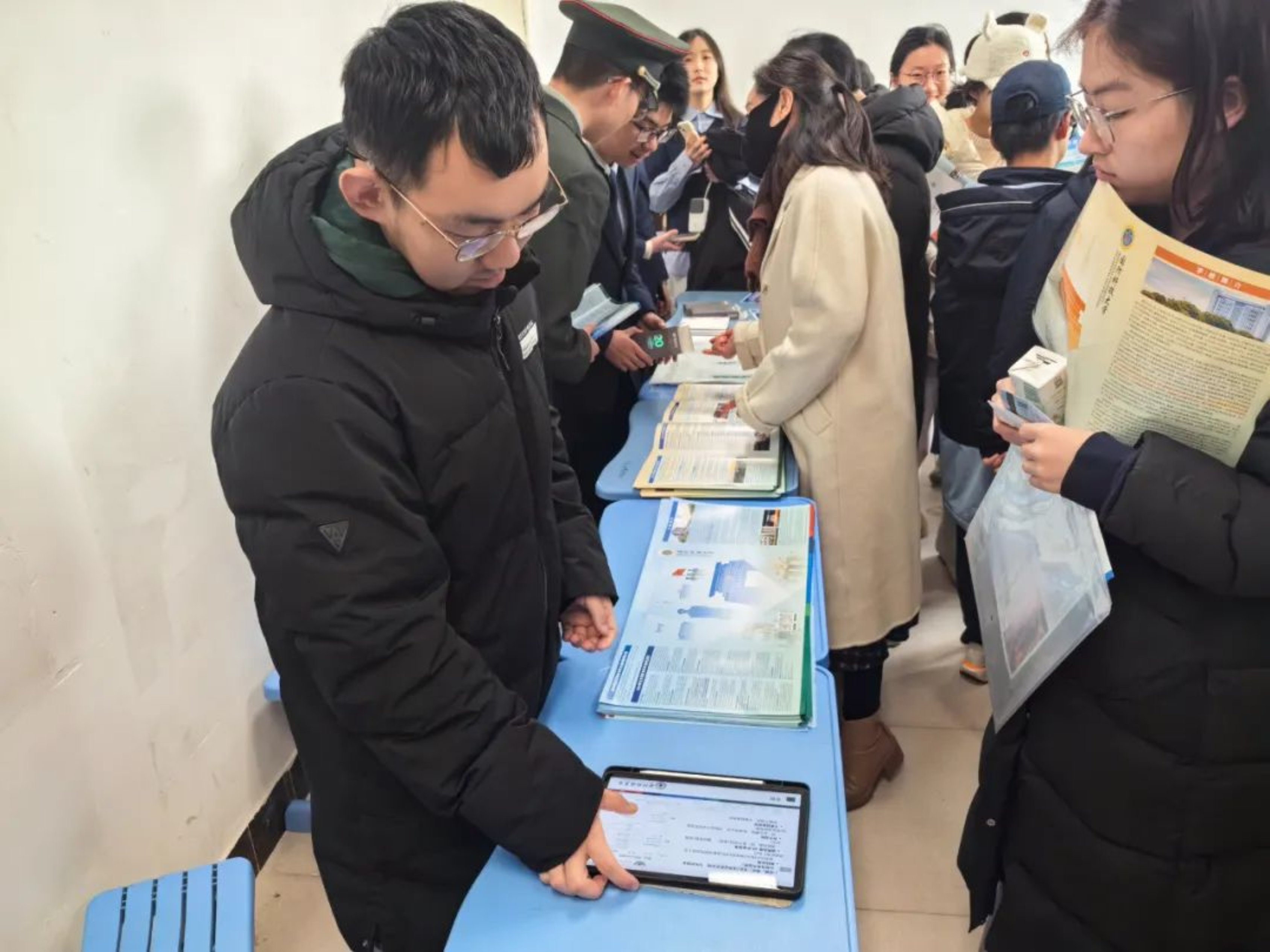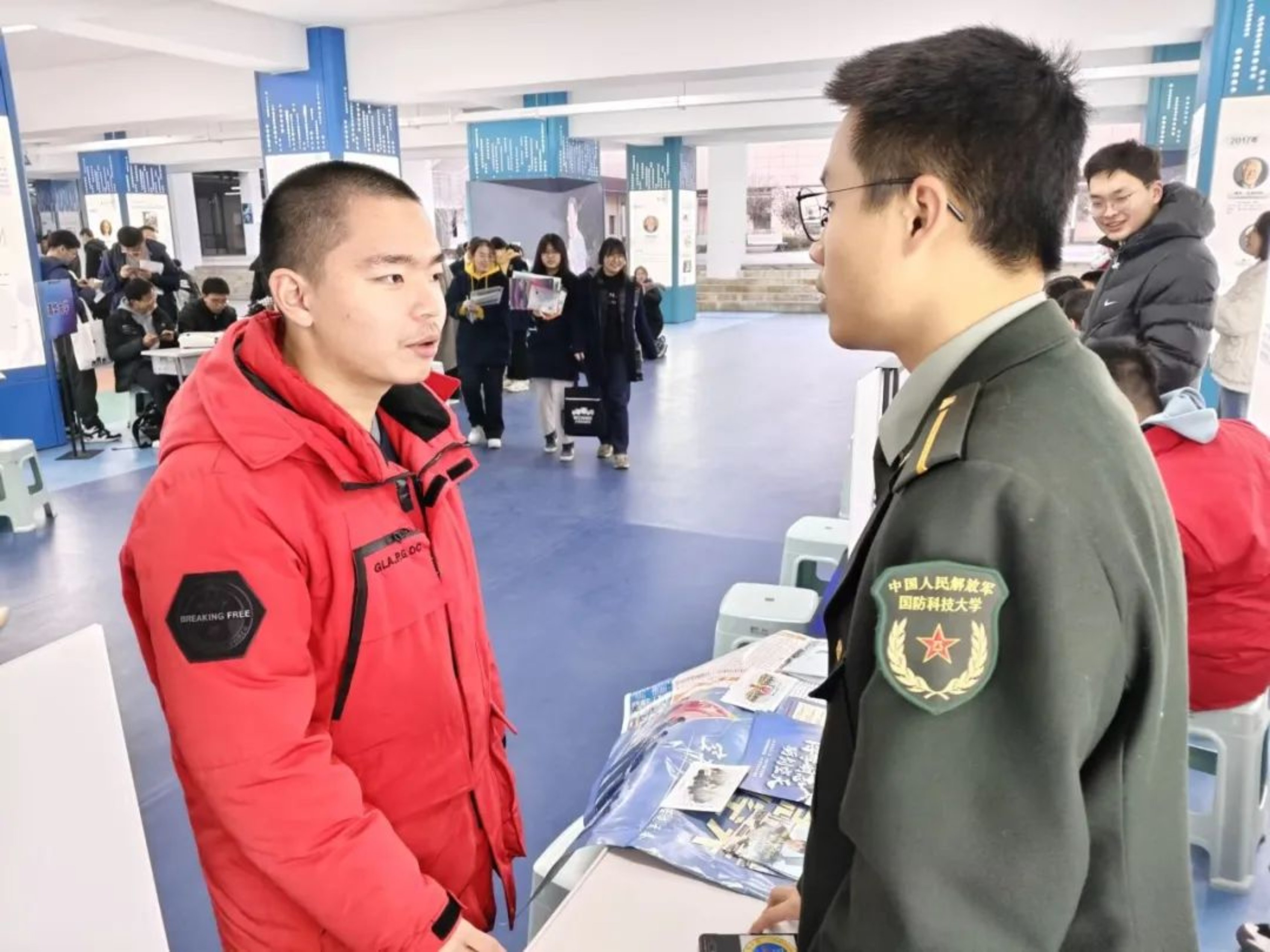 在下沉空间,中学组织不同院校开展定点宣传,吸引众多同学参加。李汪承与其他军事院校学员组队,就军校招生有关问题开展联合宣讲。中学同学聚焦招生政策、学习生活、未来职业发展路径等方面积极踊跃提问。李汪承耐心细致地为每一位同学答疑解惑,并给出中肯建议,受到同学们一致认可。
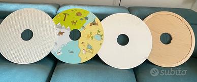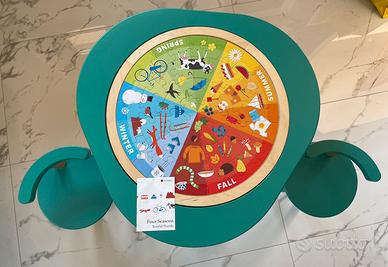 Vendo tavolo regolabile in 3 altezze MUTABLE MUKAKO (prima che venisse acquistato e industrializzato da Stokke) colore TIFFANY. Il tavolo è in ottime condizioni comprende 4 piani a disco intercambiali: - legno (entrambe i lati sono LEGGERMENTE segnati) - piano lavagna e bianco (lavagna LEGGERMENTE segnato e bianco segni di colore come da foto) - disegno natura e disegno città - compatibile lego e duplo Sedie in ottime condizioni VENDO IN BLOCCO Regalo 2 puzzle originali conpleti come da foto Vendo tramite TuttoSubito per la tutela della vendita e dell’acquisto Preferirei consegna a mano ma posso anche spedire nelle scatole originali
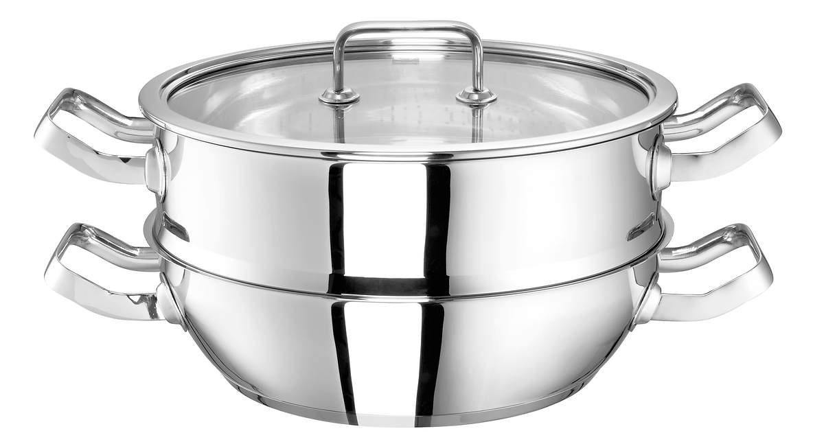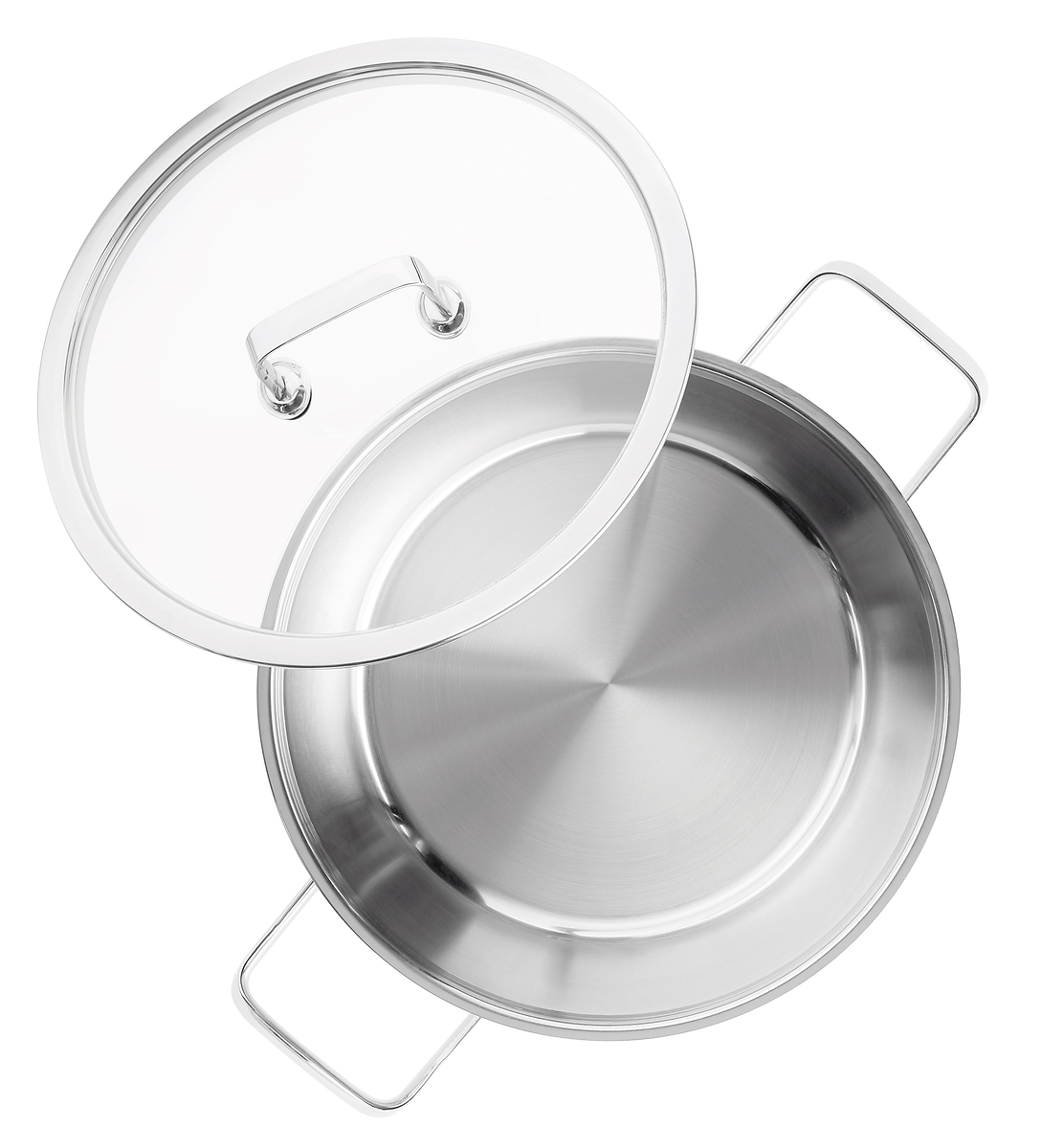 Inklusive: 1 x Schmorpfanne, 1 x Glasdeckel, 1 x Dämpfaufsatz.
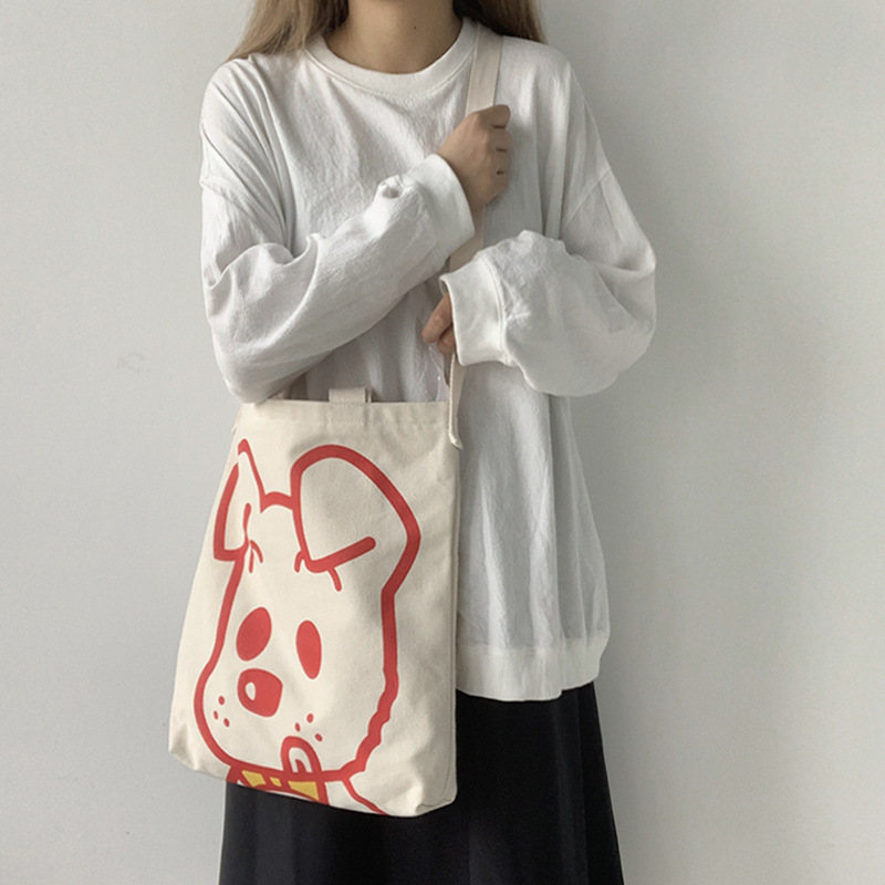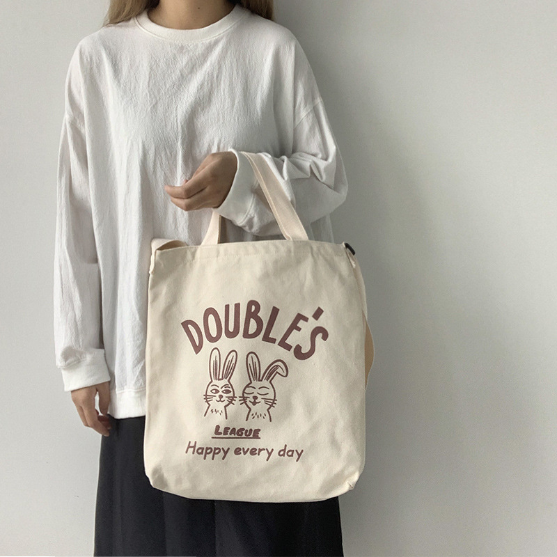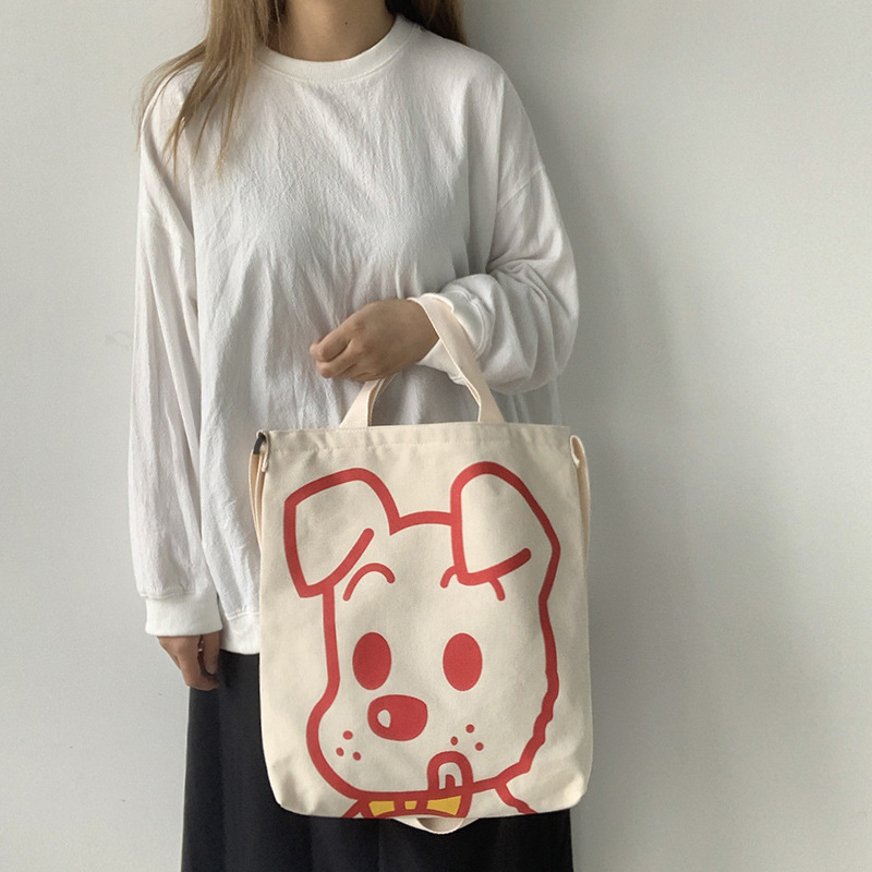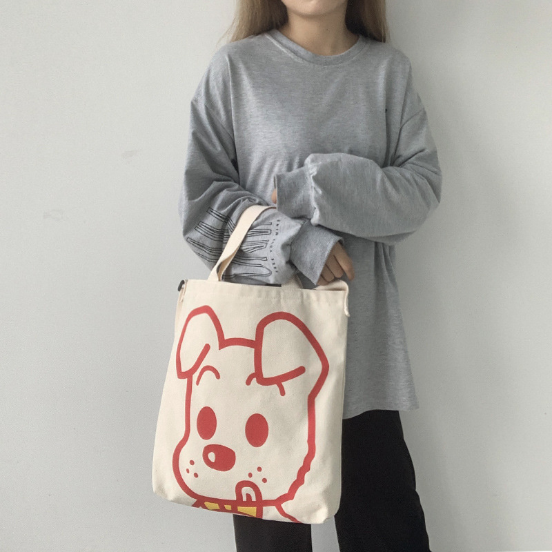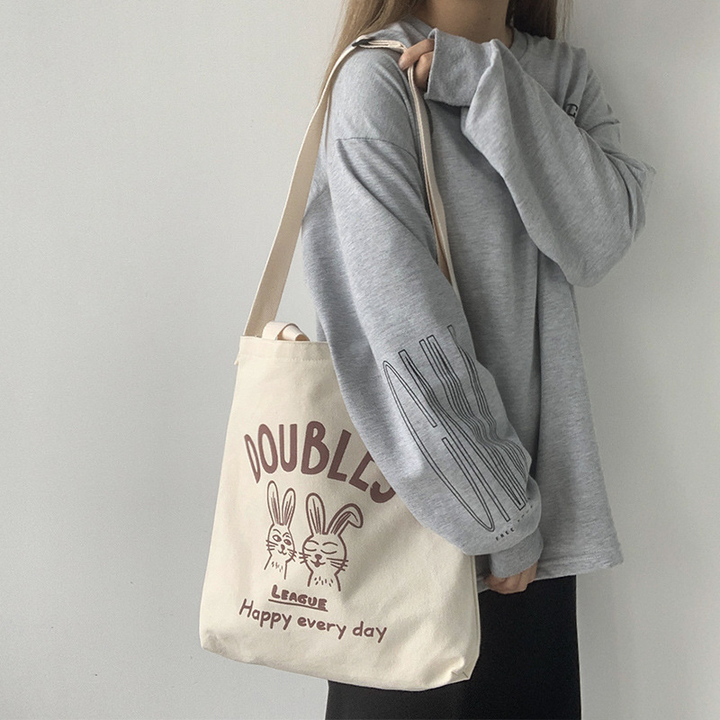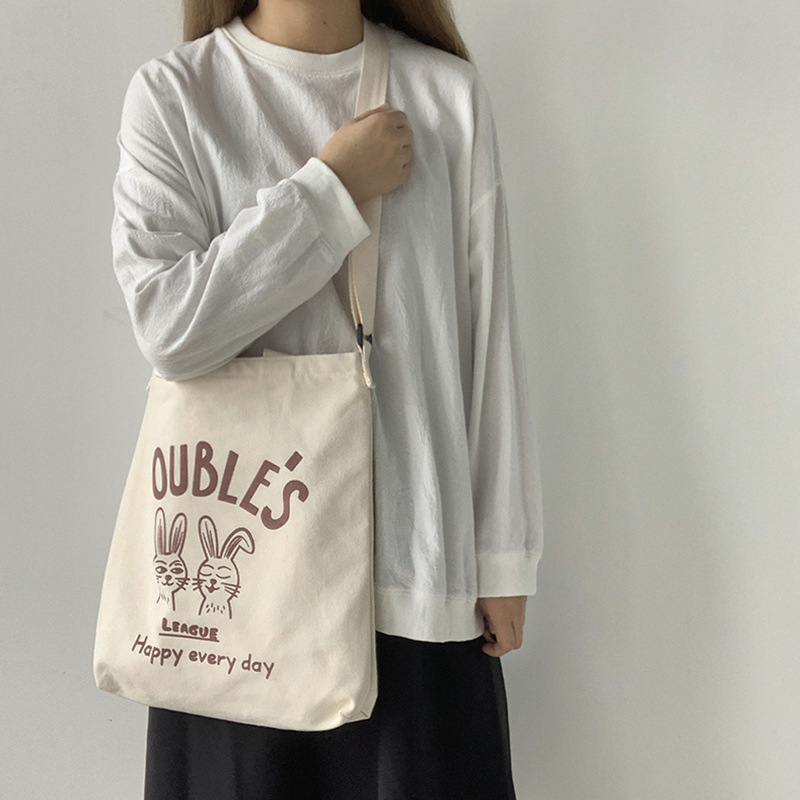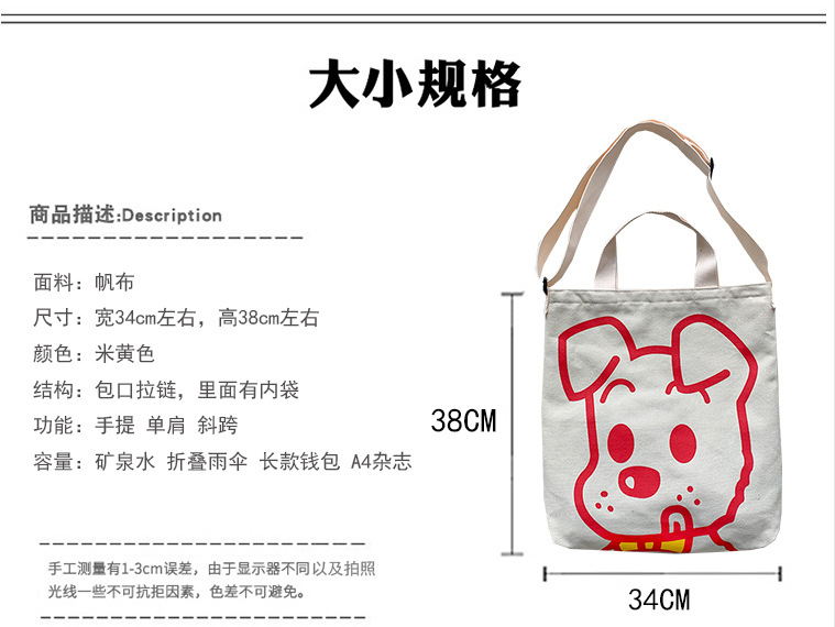 Bolso de lona bolso cruzado para mujer 2025 nuevo estilo estilo japonés versátil bolso de hombro de dibujos animados de gran capacidad bolso de tela para estudiantes estilo k
_ _ _
§ What the task asks: What you give back must match the material word for word, with no images included.

§ Expected answer:
 在下沉空间,中学组织不同院校开展定点宣传,吸引众多同学参加。李汪承与其他军事院校学员组队,就军校招生有关问题开展联合宣讲。中学同学聚焦招生政策、学习生活、未来职业发展路径等方面积极踊跃提问。李汪承耐心细致地为每一位同学答疑解惑,并给出中肯建议,受到同学们一致认可。
 Vendo tavolo regolabile in 3 altezze MUTABLE MUKAKO (prima che venisse acquistato e industrializzato da Stokke) colore TIFFANY. Il tavolo è in ottime condizioni comprende 4 piani a disco intercambiali: - legno (entrambe i lati sono LEGGERMENTE segnati) - piano lavagna e bianco (lavagna LEGGERMENTE segnato e bianco segni di colore come da foto) - disegno natura e disegno città - compatibile lego e duplo Sedie in ottime condizioni VENDO IN BLOCCO Regalo 2 puzzle originali conpleti come da foto Vendo tramite TuttoSubito per la tutela della vendita e dell’acquisto Preferirei consegna a mano ma posso anche spedire nelle scatole originali
 Inklusive: 1 x Schmorpfanne, 1 x Glasdeckel, 1 x Dämpfaufsatz.
 Bolso de lona bolso cruzado para mujer 2025 nuevo estilo estilo japonés versátil bolso de hombro de dibujos animados de gran capacidad bolso de tela para estudiantes estilo k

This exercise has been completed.